Given data below:

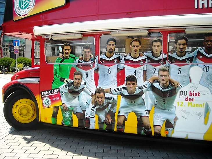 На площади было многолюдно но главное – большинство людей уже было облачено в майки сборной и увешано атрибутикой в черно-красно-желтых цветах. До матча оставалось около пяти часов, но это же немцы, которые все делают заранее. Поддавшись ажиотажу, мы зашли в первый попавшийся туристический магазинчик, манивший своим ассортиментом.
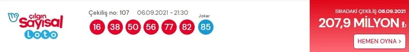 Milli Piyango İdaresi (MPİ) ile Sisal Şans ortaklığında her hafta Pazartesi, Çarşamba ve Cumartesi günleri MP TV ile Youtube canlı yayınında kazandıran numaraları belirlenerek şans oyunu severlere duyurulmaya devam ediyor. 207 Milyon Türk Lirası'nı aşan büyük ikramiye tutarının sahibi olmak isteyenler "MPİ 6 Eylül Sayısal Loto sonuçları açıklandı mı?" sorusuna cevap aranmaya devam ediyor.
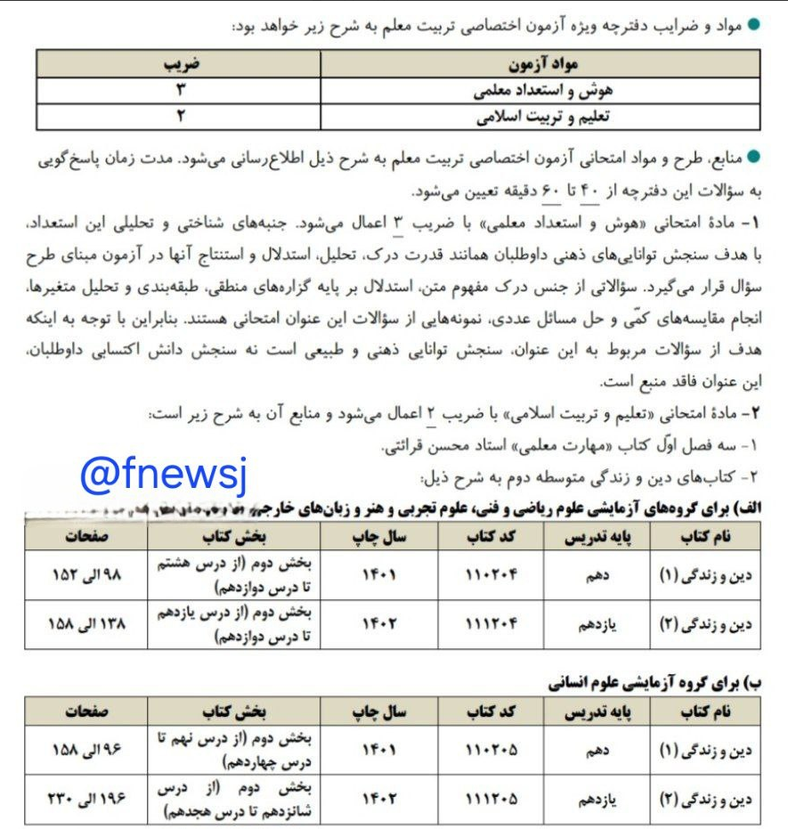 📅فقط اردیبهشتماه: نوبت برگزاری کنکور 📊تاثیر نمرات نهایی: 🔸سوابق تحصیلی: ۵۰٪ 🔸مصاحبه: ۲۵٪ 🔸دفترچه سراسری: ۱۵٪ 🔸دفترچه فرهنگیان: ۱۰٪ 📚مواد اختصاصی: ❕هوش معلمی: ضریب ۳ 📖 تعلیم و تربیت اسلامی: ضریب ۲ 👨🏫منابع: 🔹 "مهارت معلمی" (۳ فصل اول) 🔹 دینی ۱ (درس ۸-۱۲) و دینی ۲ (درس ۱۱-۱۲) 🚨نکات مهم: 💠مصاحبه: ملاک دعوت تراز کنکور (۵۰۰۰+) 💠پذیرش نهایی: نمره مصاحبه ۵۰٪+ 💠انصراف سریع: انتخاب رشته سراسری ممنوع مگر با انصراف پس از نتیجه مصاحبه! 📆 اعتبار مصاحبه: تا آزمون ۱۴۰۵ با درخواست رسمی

End of Given data.

## To do
Nothing but an exact copy of the data, without pictures, should be returned.

## Written reply
 На площади было многолюдно но главное – большинство людей уже было облачено в майки сборной и увешано атрибутикой в черно-красно-желтых цветах. До матча оставалось около пяти часов, но это же немцы, которые все делают заранее. Поддавшись ажиотажу, мы зашли в первый попавшийся туристический магазинчик, манивший своим ассортиментом.
 Milli Piyango İdaresi (MPİ) ile Sisal Şans ortaklığında her hafta Pazartesi, Çarşamba ve Cumartesi günleri MP TV ile Youtube canlı yayınında kazandıran numaraları belirlenerek şans oyunu severlere duyurulmaya devam ediyor. 207 Milyon Türk Lirası'nı aşan büyük ikramiye tutarının sahibi olmak isteyenler "MPİ 6 Eylül Sayısal Loto sonuçları açıklandı mı?" sorusuna cevap aranmaya devam ediyor.
 📅فقط اردیبهشتماه: نوبت برگزاری کنکور 📊تاثیر نمرات نهایی: 🔸سوابق تحصیلی: ۵۰٪ 🔸مصاحبه: ۲۵٪ 🔸دفترچه سراسری: ۱۵٪ 🔸دفترچه فرهنگیان: ۱۰٪ 📚مواد اختصاصی: ❕هوش معلمی: ضریب ۳ 📖 تعلیم و تربیت اسلامی: ضریب ۲ 👨🏫منابع: 🔹 "مهارت معلمی" (۳ فصل اول) 🔹 دینی ۱ (درس ۸-۱۲) و دینی ۲ (درس ۱۱-۱۲) 🚨نکات مهم: 💠مصاحبه: ملاک دعوت تراز کنکور (۵۰۰۰+) 💠پذیرش نهایی: نمره مصاحبه ۵۰٪+ 💠انصراف سریع: انتخاب رشته سراسری ممنوع مگر با انصراف پس از نتیجه مصاحبه! 📆 اعتبار مصاحبه: تا آزمون ۱۴۰۵ با درخواست رسمی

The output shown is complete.